Bien que représentant les 60 % de la production mondiale, la Côte d’Ivoire et le Ghana, ne peuvent dicter les règles sur le marché mondial. Preuve en est, en juillet 2019, les deux leaders de l’« or noir » avaient décidé de suspendre leurs ventes pour les récoltes 2020-2021 afin d’imposer aux acheteurs un minimum de 2 600 dollars la tonne. L’initiative avait échoué avant même de commencer. Les industriels avaient eu le dernier mot. Un pari risqué, mais la volonté en valait la peine pour emboîter le pas aux pays membres de l'Organisation des pays exportateurs de pétrole (OPEP) visant à négocier avec les sociétés pétrolières tout ce qui touche la production de pétrole, son prix et les futurs droits de concession.
Garantir la traçabilité
de la fève jusqu’au chocolat
Ainsi pour rester le leader mondial de cet « or noir » prisé par les industriels, la Côte d’Ivoire a mis en place de nouvelles méthodes plus respectueuses de l’environnement et un dispositif de traçabilité. Face à la déforestation galopante liée à la cacaoculture – de 16 millions d’hectares de forêt en 1960, la Côte d’Ivoire dispose aujourd’hui de 2,5 millions d’hectares – la réponse apportée est l’agroforesterie, c’est-à-dire la restauration des forêts et la biodiversité. L'association arbres et agricultures par exemple, a prouvé son efficacité dans le domaine de la protection des sols.
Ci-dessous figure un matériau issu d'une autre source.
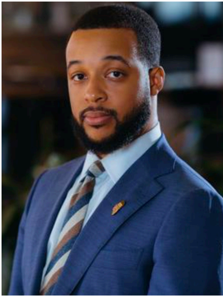
Chief Segun Idowu
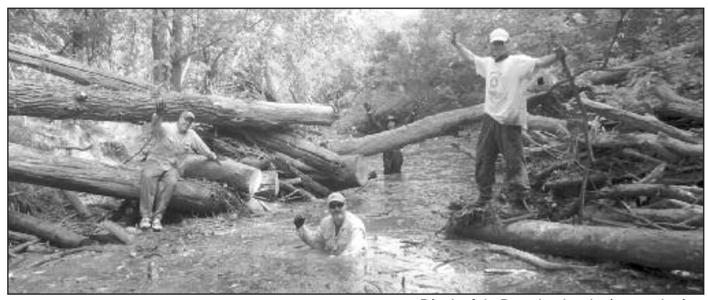
Friends of the Rouge break up log jams on the river.

Friends of the Rouge, the lead organization in the water trail effort, recently hosted an open house about the LRWT at the Jefferson Barns Community Vitality Center, where they unveiled preliminary strategic plan. The meeting was well attended by many stakeholders, who provided input about what they would like the LRWT look like. Many Wayne residents attended the meeting.
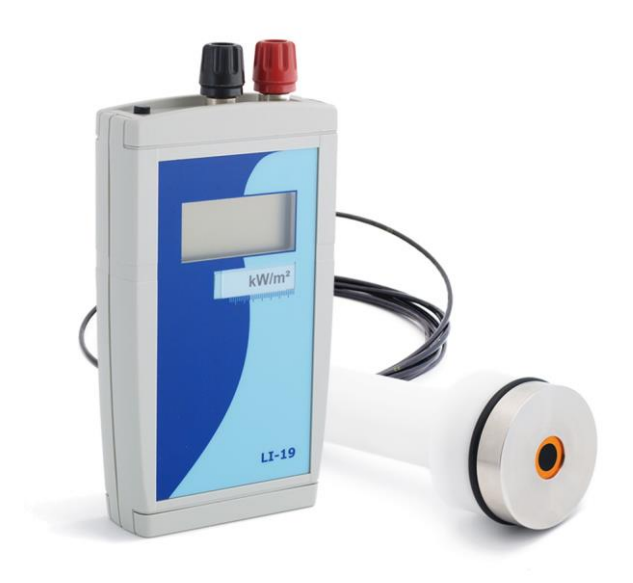
Figure 1 HF03-LI19 portable heat flux sensor with read-out unit / datalogger

HF03 is a heat flux sensor that is applied in mobile measurements. It is combined with LI19, a high accuracy handheld read-out unit / datalogger. The combination HF03- LI19 is typically used to study heat flux levels of flares and fires, and to verify the performance of permanently installed flare radiation monitors and flare heat flux sensors.
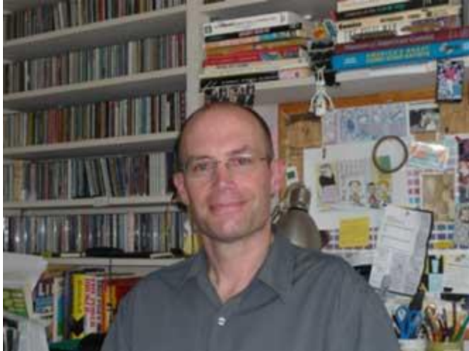
The New York Times Bestselling author and cartoonist, Lincoln Peirce.
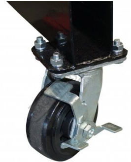
Swivel Wheels with Lock

Autre acte important, les deux géants du cacao, la Côte d’Ivoire et le Ghana, ont aussi décidé de se conformer à la norme internationale ISO 34101 sur le « cacao durable et traçable » avant son application. Cette norme jugée drastique porte sur les exigences relatives aux systèmes de gestion de la durabilité, les exigences de performance relatives aux aspects économiques, sociaux et environnementaux, les exigences relatives à la traçabilité et aux systèmes de certification.
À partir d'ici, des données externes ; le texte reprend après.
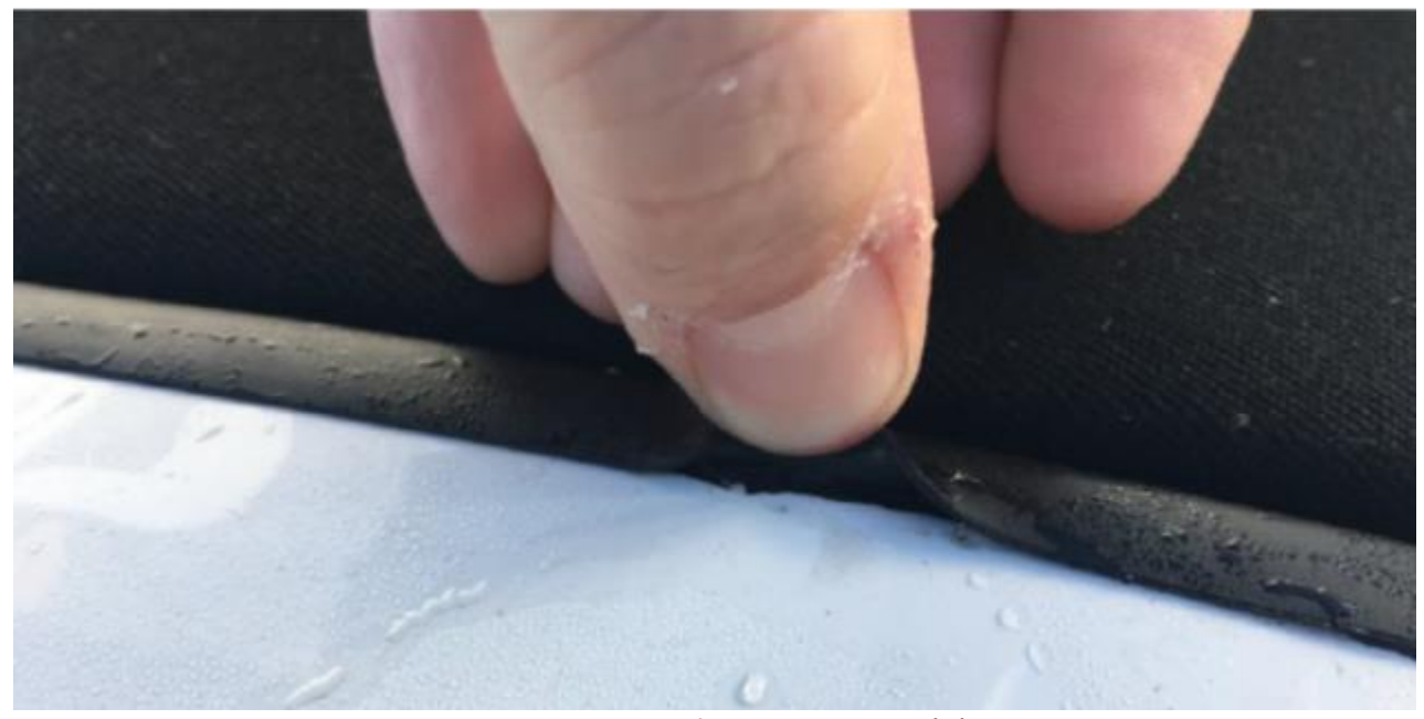
Fig 3 inspect for butyl void(s).

Selon Mme Mariam Coulibaly, responsable de la communication du Conseil café-cacao, l’organe étatique ivoirien en charge de la filière, « la Côte d’Ivoire a gagné la bataille de la qualité physique et chimique du cacao, maintenant, elle doit gagner la bataille de la qualité éthique. » En effet, le process mis en place va permettre de recenser tous les producteurs et leurs vergers d’ici fin septembre 2020, de géolocaliser la plantation de chaque paysan, de savoir la quantité produite et à qui elle est vendue, afin d’avoir la traçabilité de chaque fève. Désormais, à partir d’un simple code barre, on doit pouvoir savoir la provenance de la fève et dans quelle condition elle a été produite. Ce process permettra, bien évidemment, de promouvoir une culture durable du cacao, de garantir la traçabilité du cacao depuis la fève jusqu’au chocolat, et la maîtrise de la chaîne de production du planteur au consommateur.
Deux membres du gouvernement ivoirien, le ministre de l’Agriculture et du Développement rural, Kobenan Kouassi Adjoumani, et son homologue des Ressources animales et Halieutiques, Dosso Moussa, ainsi que les responsables des différentes filières agricoles, ont effectué le déplacement à Paris pour porter l’essentiel du message de la politique agricole de la Côte d’Ivoire à la 57ème édition du SIA de Paris devant les investisseurs français et européens.